Design hash functions

  1. Overly complex functions consume too much computation time

  2. The values generated by the hash function should be as random and evenly distributed as possible

  3. Some design methods

  • Data analysis: A method of designing hash functions according to the characteristics of data

  • Direct addressing

  • Take the average method

  • Folding method

  • Random number method

Solve the problem of too large load factor

When the load factor is too large, the dynamic capacity is expanded, a larger hash table is applied for, and the data is migrated to a new table

Avoid inefficient Capacity Expansion

  1. Expansion would take too much time

  2. To solve the problem of time-consuming capacity expansion, the capacity expansion operation can be interspersed with multiple insertion operations and completed in batches using the idea of allocation.

Choose the appropriate conflict resolution method

In Java, LinkedHashMap resolves conflicts by linked list method, while ThreadLocalMap resolves conflicts by open addressing method based on linear probe.

  1. Advantages and disadvantages of open addressing
  • advantages

Storing data in arrays can effectively use THE CPU cache to speed up queries. Easy serialization.

  • disadvantages

    Deleting data is complicated; High probability of conflict; The load factor can’t be too big, it has to be less than 1, so you need more storage.
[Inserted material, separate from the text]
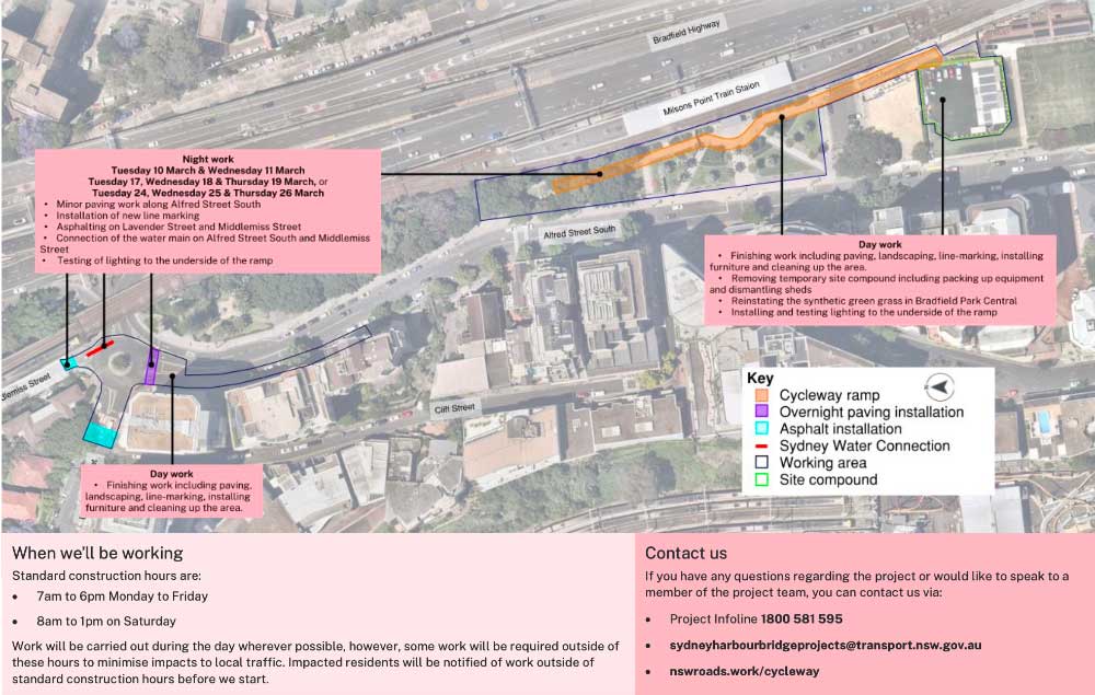 Day works include minor paving, removal of the temporary site compound, packing up equipment and dismantling sheds, reinstating the synthetic green grass in Bradfield Park Central, and installing and testing lighting beneath the ramp.

  1. The linked list method
  • advantages

    The memory utilization is higher than open addressing method. High tolerance to large loading factor

  • disadvantages

    To store Pointers, consume extra memory space; CPU cache unfriendly;

  • To improve the

    Instead of a linked list, I could use a red-black tree

Industrial hash table examples

Java HashMap

  1. Initial size

    The default size is 16 and can be set by yourself

  2. Load factor

    The default value is 0.75, which is doubled after triggering expansion

  3. Hashing conflict resolution

    If we continue with the list method, we switch between the list and the red-black tree, depending on the length of the list

  4. The hash function

    Not to discuss

Some solutions to practical problems using hash tables

Optimized LRU elimination algorithm

  1. Several operations to be included in the buffering system
  • Add a data

  • Delete a data

  • Find a piece of data

  1. Idea: Build a hash table as an index on top of the original ordered list, and each node in the hash table stores an additional pointer to the ordered list node

Java LinkedHashMap

Linked refers to a bidirectional ordered list

  1. The data in the hash table is stored irregularly after being scrambled by the hash function, but the LinkedHashMap implements output in the order in which the data was inserted

Crawler to achieve the url link to heavy

Bit uses a bitmap, bloom filter

Prevent user information leakage after data is removed from the database

The principle of hashing algorithm: mapping arbitrary length binary value string to fixed length binary string.

A hash algorithm must meet the following requirements

  1. The original data cannot be derived from the hash value (hence the hash algorithm is also called one-way hash algorithm)

  2. Sensitive to data changes, even if the original data changes only one bit, the corresponding hash value is also different size

  3. The probability of hash collision is very small, the probability of different raw data corresponding to the same hash value is very small

  4. The hashing algorithm has high efficiency and can also calculate the hashing value quickly for long text.